> [Records to process]
--- START ---
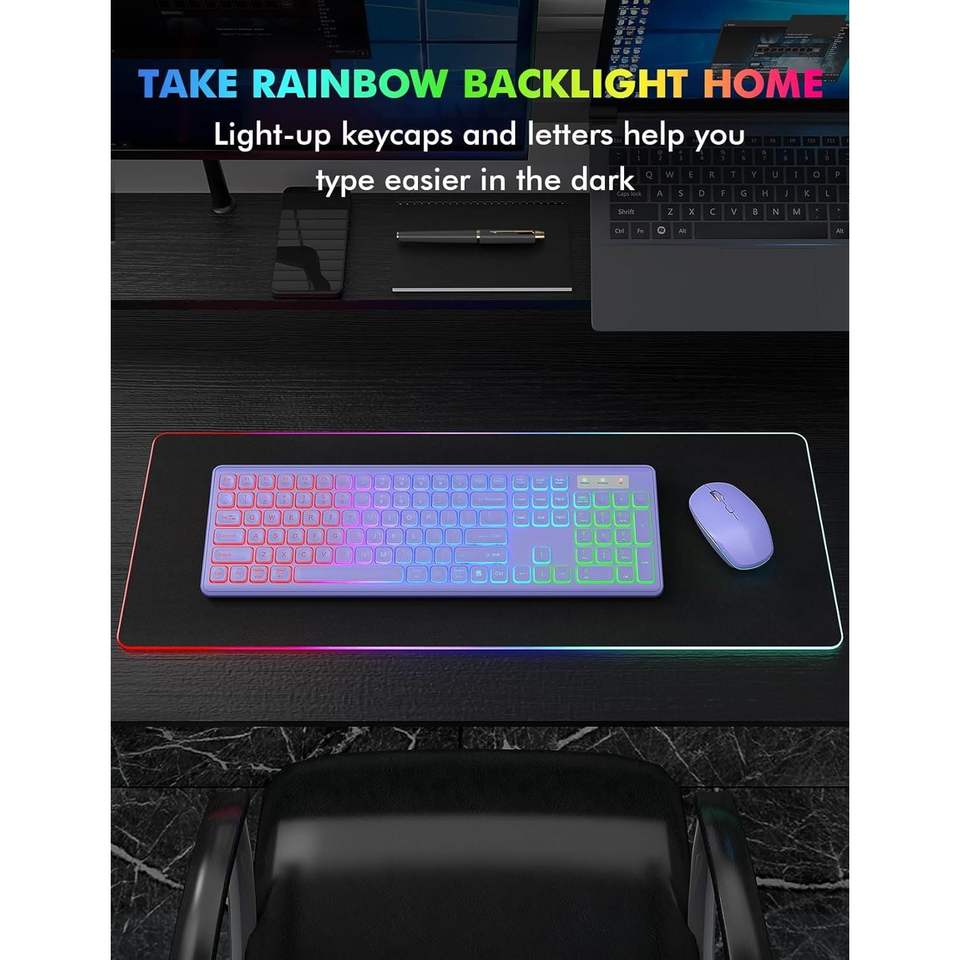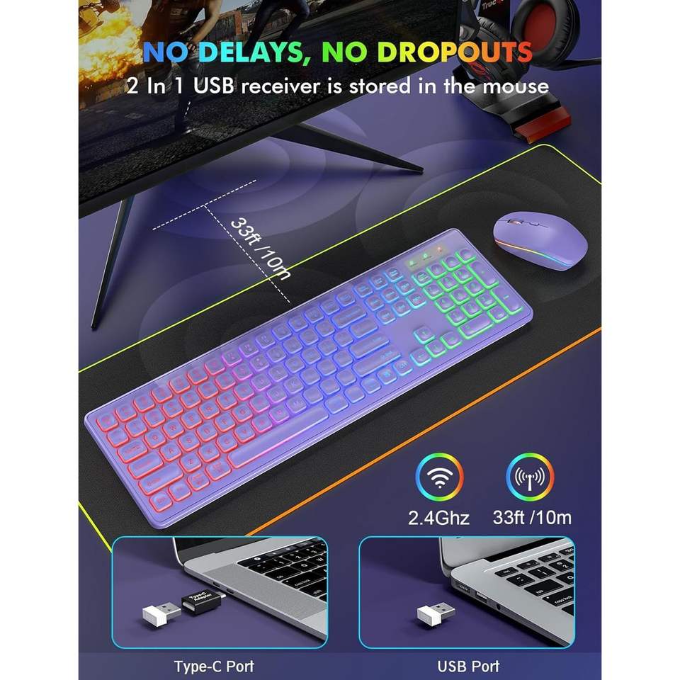 Combo de Teclado y Ratón Inalámbrico RGB Retroiluminado de Tamaño Completo, Escritura Suave y Modo de Reposo con Letras Luminosas Recargables, Tecnología Q de 2.4GHz
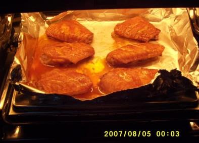 5、10分钟之后,拿出烤翅,再次刷上一层蜂蜜,再烤5分钟就可以啦。因为烤箱是上下一起烤的,所以不用在中途翻面。
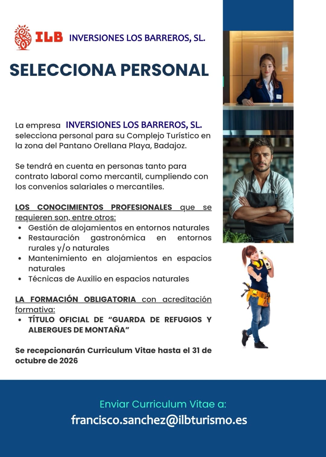 Se remite adjunto imagen con datos sobre una oferta de empleo en Orellana la Vieja de la empresa ILB Turismo
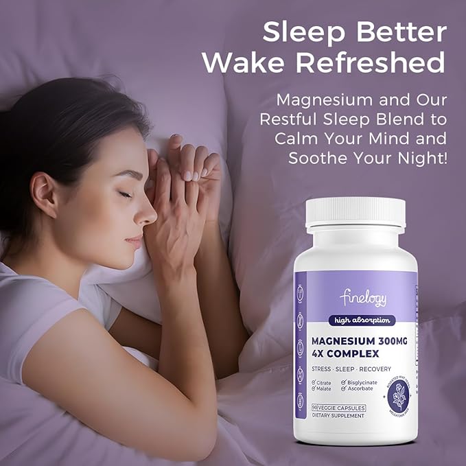 - ENHANCED ABSORPTION: Finelogy's 4X Magnesium Complex provides 300mg of magnesium in four highly bioavailable forms (Bisglycinate, Malate, Citrate, Ascorbate) for rapid and efficient absorption, ensuring maximum efficacy and gentle digestion.
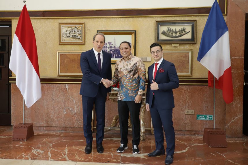 SURABAYA-Wali Kota Surabaya Eri Cahyadi bersama jajaran Pemerintah Kota (Pemkot) Surabaya menyambut dengan hangat kedatangan rombongan Duta Besar Prancis Fabien Penone bersama jajarannya di ruang kerja Wali Kota Surabaya, Selasa (18/7/2023). Dalam pertemuan tersebut, banyak hal yang dibahas, sehingga Duta Besar Prancis menjadikan Kota Surabaya sebagai prioritas kerjasama antara Indonesia dengan Prancis.
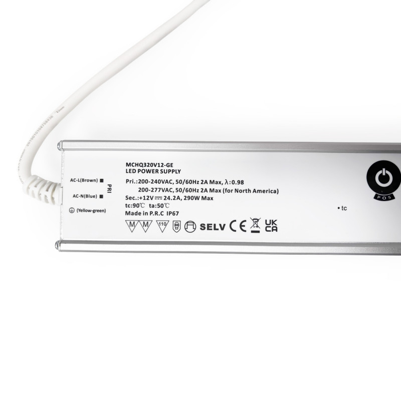 Deze voeding is de ideale oplossing voor het voeden van LED systemen en armaturen met een bedrijfsspanning van 12V en een maximaal vermogen van 290W, waarbij een uitgangsstroom van maximaal 24,2A op een stabiele en veilige manier wordt geleverd.
--- END ---
> [Exercise details] Copy out each line of the data exactly as it reads; skip the pictures.

> [Your solution]
 Combo de Teclado y Ratón Inalámbrico RGB Retroiluminado de Tamaño Completo, Escritura Suave y Modo de Reposo con Letras Luminosas Recargables, Tecnología Q de 2.4GHz
 5、10分钟之后,拿出烤翅,再次刷上一层蜂蜜,再烤5分钟就可以啦。因为烤箱是上下一起烤的,所以不用在中途翻面。
 Se remite adjunto imagen con datos sobre una oferta de empleo en Orellana la Vieja de la empresa ILB Turismo
 - ENHANCED ABSORPTION: Finelogy's 4X Magnesium Complex provides 300mg of magnesium in four highly bioavailable forms (Bisglycinate, Malate, Citrate, Ascorbate) for rapid and efficient absorption, ensuring maximum efficacy and gentle digestion.
 SURABAYA-Wali Kota Surabaya Eri Cahyadi bersama jajaran Pemerintah Kota (Pemkot) Surabaya menyambut dengan hangat kedatangan rombongan Duta Besar Prancis Fabien Penone bersama jajarannya di ruang kerja Wali Kota Surabaya, Selasa (18/7/2023). Dalam pertemuan tersebut, banyak hal yang dibahas, sehingga Duta Besar Prancis menjadikan Kota Surabaya sebagai prioritas kerjasama antara Indonesia dengan Prancis.
 Deze voeding is de ideale oplossing voor het voeden van LED systemen en armaturen met een bedrijfsspanning van 12V en een maximaal vermogen van 290W, waarbij een uitgangsstroom van maximaal 24,2A op een stabiele en veilige manier wordt geleverd.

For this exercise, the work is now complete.